Between 2018 and 2019, we saw a convergence around the pandas API. Modin promised that you could “change one import” and scale pandas across Ray or Dask. Koalas, later renamed pandas API on Spark, brought pandas-style syntax directly to Spark clusters.
Polars
Then, in 2020, Polars arrived and changed the momentum. Written in Rust and built around Apache Arrow, Polars introduced a modern execution engine. It supports both eager and lazy modes. The syntax feels familiar but more explicit:
import polars as pldf = pl.read_csv("sales.csv")df.filter(pl.col("revenue") > 1000)df.group_by("region").agg(pl.col("revenue").sum())
Polars expressions are column-oriented and composable. When used in lazy mode, it builds an optimized query plan similar to Spark, but executes efficiently on a single machine using multithreading. Polars has become mainstream among performance-focused data engineers. Pandas still wins on total usage, but Polars wins on performance credibility and technical momentum.
Snowpark Python
In 2022, cloud warehouses embraced the DataFrame interface. Snowpark Python allowed users to write DataFrame code that runs inside Snowflake:
df = session.table("sales")df.filter(df["revenue"] > 1000)

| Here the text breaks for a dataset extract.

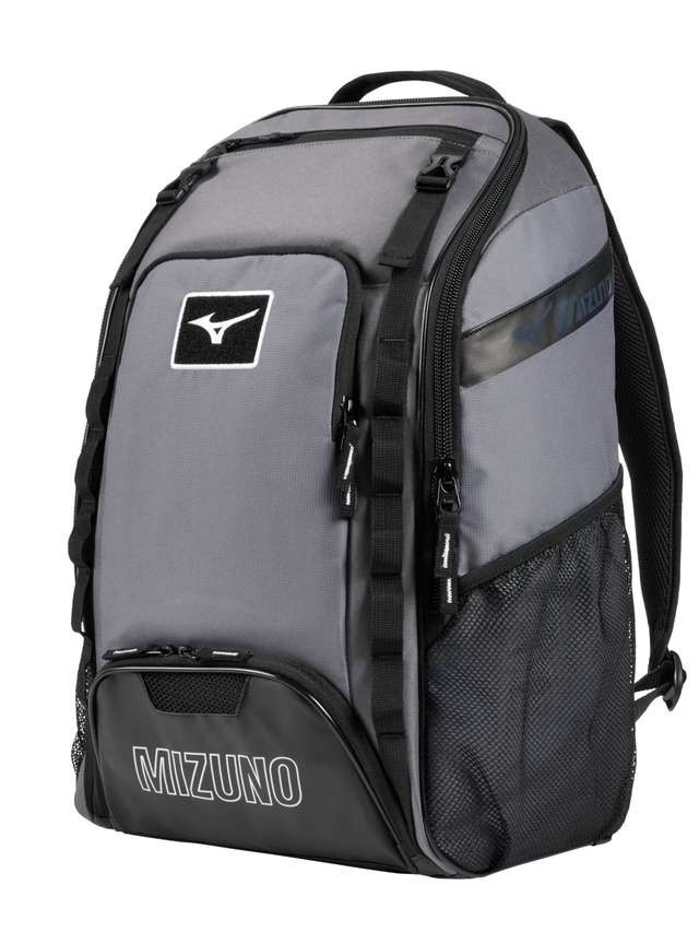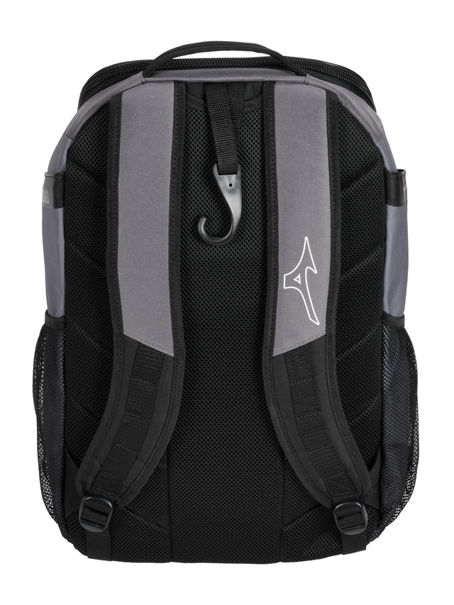 The Mizuno Organizer 26 Backpack provides ample storage and organization. Featuring a ventilated shoe compartment to keep your footwear fresh, this nylon backpack ensures enhanced comfort with its padded back and adjustable shoulder straps. Additional details like a J hook and auxiliary loops offer convenience for easy hanging and access.

Execution is pushed entirely into the warehouse. Similarly, BigQuery introduced DataFrame-style interfaces. This pattern is increasingly common in enterprises. The DataFrame becomes an API layer over cloud compute.
Newer Entrants
Newer entrants like Daft and DataFusion build on Rust and Arrow foundations, blending distributed execution with modern memory models. SQLFrame provides a backend-agnostic DataFrame API that compiles to SQL engines. The ecosystem continues to evolve.
GitHub Star History
Pandas remains the most popular dataframe library due to its first-mover-advantage.
Polars and PySpark are catching up, likely due to the performance gains and improved syntax compared to Pandas.

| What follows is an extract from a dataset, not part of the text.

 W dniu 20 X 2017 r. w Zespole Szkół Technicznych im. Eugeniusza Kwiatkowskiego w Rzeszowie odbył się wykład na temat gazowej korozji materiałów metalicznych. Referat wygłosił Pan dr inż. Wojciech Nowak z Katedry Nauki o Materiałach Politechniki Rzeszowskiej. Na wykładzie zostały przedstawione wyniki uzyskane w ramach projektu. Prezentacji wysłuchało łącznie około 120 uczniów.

The rest of the libraries have niche use cases (with ibis being one of my favorites).
Choosing a DataFrame Library
If your data is in local files (CSV, Parquet, JSON, Excel)
Small and fits in memory → pandas
Simple
Beginner-friendly
Most tutorials use it
Large but still on one machine → Polars
Fast
Uses all CPU cores
Great for millions of rows
Extremely large and requires multiple machines → PySpark
Built for clusters
Handles very large datasets
If your data is in a database or warehouse (Snowflake, BigQuery, Postgres, DuckDB)
Small or large → Ibis
Write Python
Executes as SQL inside the database
Keeps computation close to the data
Distributed at scale → Ibis or PySpark
Depends on your infrastructure
Spark if you already operate clusters
If you use Snowflake → Snowpark Python
If your data is in a distributed system or data lake
Designed for multi-machine compute → PySpark
Built for distributed processing
Common in enterprise data platforms
Summary
A DataFrame is a table abstraction. You load data into it, refer to columns by name, filter rows based on conditions, group by categories, and compute aggregations. The syntax generally follows a pattern:
Select columns.
Filter rows.
Group and aggregate.
Join tables.
Whether you are using pandas, Polars, Spark, Ibis, or Snowpark, those operations look conceptually similar. What changes is where and how computation happens: in memory, across cores, on clusters, on GPUs, or inside databases.
The DataFrame began as an in-memory convenience. Now, it is a universal abstraction across compute engines. The API feels simple. The engines underneath are not.